The British continued to wallow in foolish mistakes. Prime Minister Lloyd George tried to suppress the rebellion the way they had the Boers. He hired thousands of unemployed W. W. I unemployed veterans to form a special police force, mercenaries really, to supplement, or supplant, the regular Irish police brigades who had been so infiltrated and intimidated by the Sein Fein supporters as to be useless. Called the Black and Tans, these undisciplined troops ganged up around the countryside pillaging and killing with such abandon and ruthlessness that many who had been neutral or even loyalists were driven into the camp of the Irish rebels. The British administration became desperate, even discussing the use of poison gas at one point. Concentration camps were even built. The violence did cause a split in the rebel ranks with de Valera, returned from a trip to America to raise money and guns who wanted larger pitched battles, and Collins who argued for guerilla tactics. He preferred the ambush, an irony considering how he was to die not long after. Collins' downfall was his unwilling participation in the treaty negotiations of 1922 that were subsequently disapproved by de Valera and the extreme Republican wing of the Dail. Even though it became clear that most of their constituents approved of the treaty that granted Ireland a provisional government and was considered a reasonable compromise by Collins, the result was a bloody civil war. Collins was shot in an almost farcical ambush in which no one else was injured and he was struck by a parting shot.
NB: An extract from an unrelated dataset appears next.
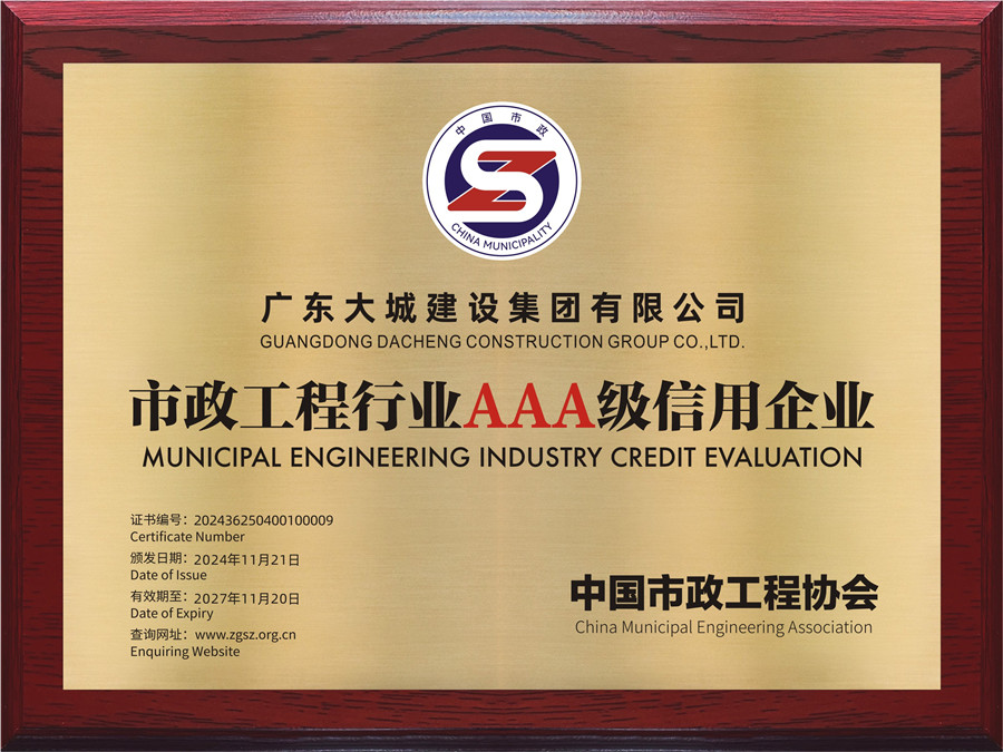 我司首次榮獲“中國市政工程行業AAA級信用企業”稱號

McKay believes that if Collins had lived he might have been able to prevent much of the animosity between north and south. De Valera became president and was responsible for many stupid decisions that ultimately hurt Ireland in the eyes of the world community. Had the United States studied the Troubles and learned some lessons, we might have been less eager to enter Vietnam. The enemy was faceless, blended in with the crowd, had huge popular support sometimes coerced, but support nevertheless. The Volunteer army rarely numbered more than 3,000 yet the British forces numbering more than 60,000 could not make headway against them.